You know writer's block? Well right now I have prayer's block.
I started Lent last week. I love this season in anticipation of Easter. It is not always glamorous, and more often that not I fail and don't keep up with my end of the bargain (I already had a cheat this week). Yet it is a time to recognize our dependence on our Lord and Saviour Jesus Christ, and that is clearly displayed in my human frailty. The thing is, this time I am having trouble "finding" Jesus.

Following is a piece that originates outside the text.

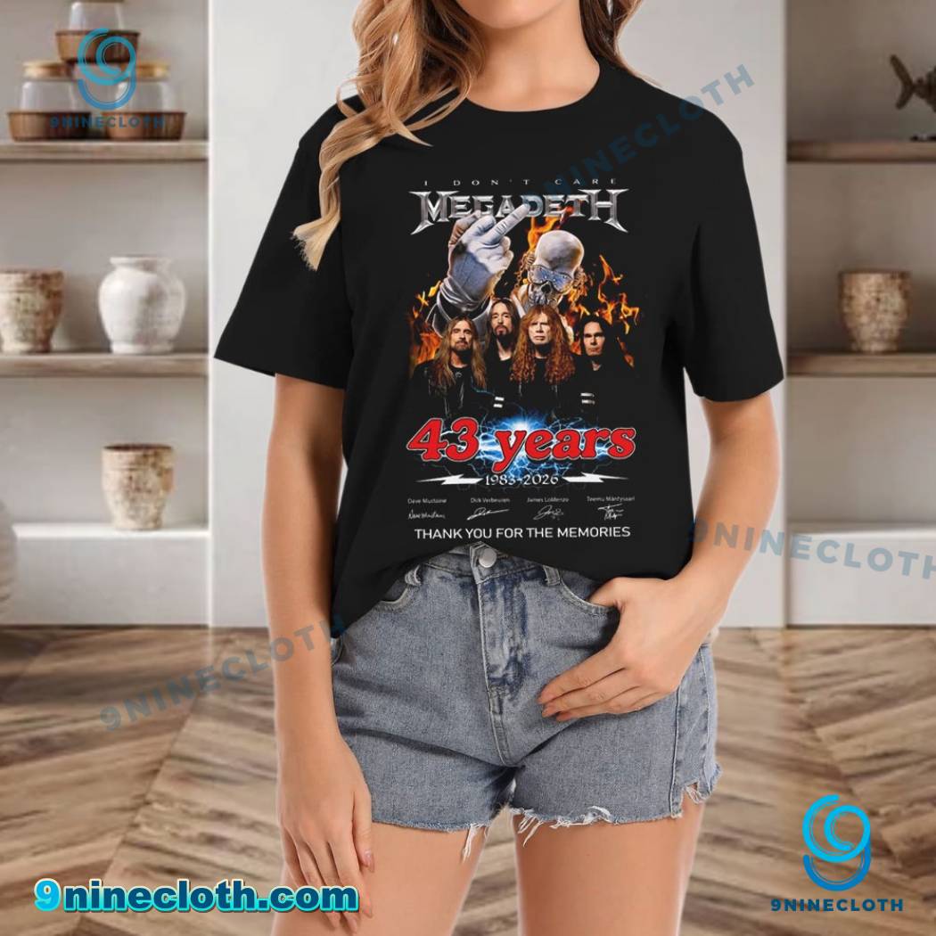 Keywords: Megadeth, Megadeth shirt, metal band merch, thrash metal, concert t-shirt, band apparel, Dave Mustaine, 1983-2026, signature shirt, I Don’t Care, 43 years.

I have adopted some daily habits to turn my dependence to God, but the pressures of this life keep pushing me aside. I read a daily devotion to the kids in the morning, but if they're not eating their breakfast or listening, or we are rushing out the door, the meaning is lost. I try to read my own devotional after they're done, and some days am non-stop interrupted until my coffee is cold and I have tried to re-read the single page devotion 5 times. I try to pray throughout the day, but between breaking up fights, and making snacks, and handling meltdowns, and cleaning the toilets, I sometimes forget. So I rely on my evenings once the kids are in bed... but sometimes my brain is dead tired and keeping focus is hard. Even at church, I rarely get to sit through a service, as I tend to my children, and fill in for Sunday School teachers who are away. Those aren't excuses. I am just saying that it is hard.
I won't give up. I have a longing to reignite that flame and passion for prayer. I just realize that this season in life brings challenges. I share to express that amid the beauty and fun and joy of life, there are hard part too (they don't get showcased as often). I hope to share more of these times throughout this season.
God, grant me grace as I seek you more.